Guinea-Bissau
The government of Guinea-Bissau was filled with heavy tension on Tuesday afternoon, according to AFP.
The government palace, where President Umaro Sissoco Embalo and Prime Minister Nuno Gomes Nabiam were supposed to meet with ministers, was surrounded by heavily armed men.
The presence of the military around the government palace, not far from the airport, brought a lot of tension. An AFP correspondent reported that an armed man ordered him to move away at gunpoint.
The area around the airport was also filled with people fleeing the scene. Markets emptied and banks closed.
Numerous military vehicles loaded with soldiers drove through the streets.
Guinea-Bissau, a small country of about two million people bordering Senegal and Guinea, is no stranger to political coups.
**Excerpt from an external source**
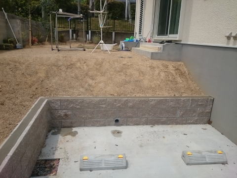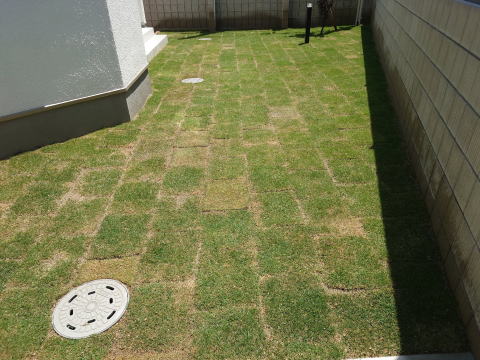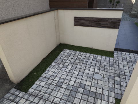 土を均してその上に防草ソートを貼って人工芝を施工。緑が綺麗で近年人気がある外構仕上。なんといっても人工芝の質が格段に上がりましたね。原産地は主に中国、ベトナム。国産もありますが、価格は倍になります。メリット:緑が綺麗で子供も遊べる人気の仕上。下地さえ綺麗に均せばDIYでも施工可能。 デメリット:真夏は素足は危険。暑くなります。あとは耐久性がどのくらい持つか。ちなみに弊社での施工は約10年以上と、すでに実績はありますが、未だに朽ち果てて交換の依頼は無いです。バーベキュー不可! |

Since its independence from Portugal in 1974 after a long war of liberation, it has seen four putsches (the last in 2012), a string of attempted coups and a succession of governments.
Since 2014, it has moved towards a return to constitutional order, which has not prevented it from repeated turbulence, but without violence.
The country suffers from endemic corruption. It is also considered a hub for cocaine trafficking between Latin America and Europe.
Since the beginning of 2020, Umaro Sissoco Embalo, a former general, has been the head of state, following a presidential election whose result is still disputed by the African Party for the Independence of Guinea and Cape Verde (PAIGC), the dominant party since independence.